§ What this task involves
Please output every line of the material as it stands, without the pictures.

§ Data excerpt
▶

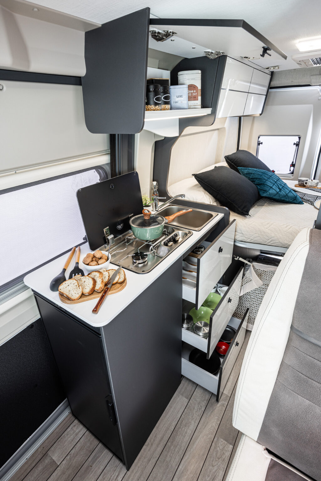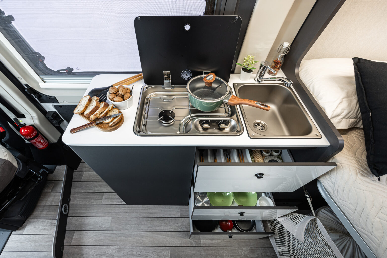 La cuisine linéaire est équipée d’une plaque de cuisson à deux feux et d’un évier en acier. Elle offre un grand espace de rangement avec 3 tiroirs et un grand placard avec éclairage LED tactile intégré. Le réfrigérateur à compresseur de 84 litres, qui peut être ouvert à 180°, est idéal pour les repas en plein air.
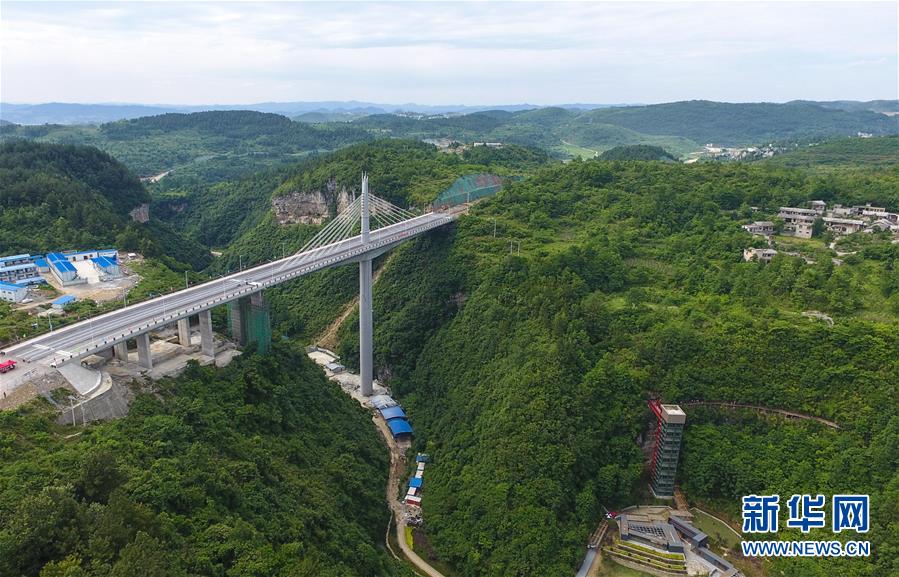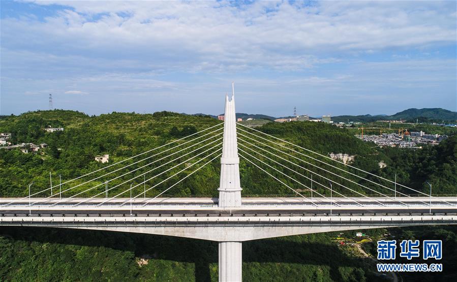 俯瞰順利竣工的干溝大橋(6月6日攝)。大橋主橋墩呈現(xiàn)“蘆笙”造型。 6月6日,由中鐵五局承建的貴州省黔南布依族苗族自治州龍里縣干溝大橋順利竣工。該橋長285米,主塔高137米,大橋主橋墩以民族樂器“蘆笙”為原型建造,造型優(yōu)美。新華社記者 劉續(xù) 攝
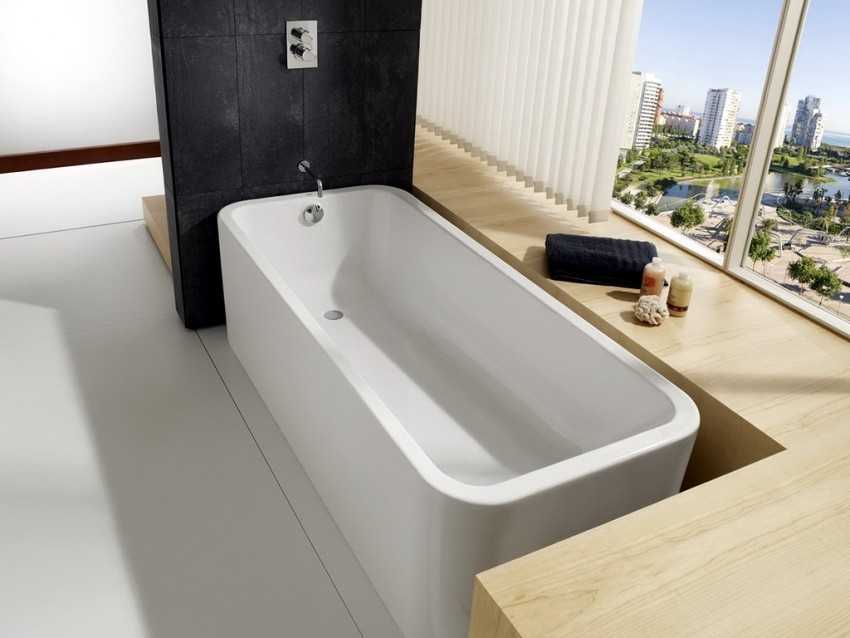 - Габариты и вес ванной. Если материал чугун, то установка должна быть не менее 15 см от пола, более легкие материалы могут иметь незначительные колебания.

◀

§ Written response
 La cuisine linéaire est équipée d’une plaque de cuisson à deux feux et d’un évier en acier. Elle offre un grand espace de rangement avec 3 tiroirs et un grand placard avec éclairage LED tactile intégré. Le réfrigérateur à compresseur de 84 litres, qui peut être ouvert à 180°, est idéal pour les repas en plein air.
 俯瞰順利竣工的干溝大橋(6月6日攝)。大橋主橋墩呈現(xiàn)“蘆笙”造型。 6月6日,由中鐵五局承建的貴州省黔南布依族苗族自治州龍里縣干溝大橋順利竣工。該橋長285米,主塔高137米,大橋主橋墩以民族樂器“蘆笙”為原型建造,造型優(yōu)美。新華社記者 劉續(xù) 攝
 - Габариты и вес ванной. Если материал чугун, то установка должна быть не менее 15 см от пола, более легкие материалы могут иметь незначительные колебания.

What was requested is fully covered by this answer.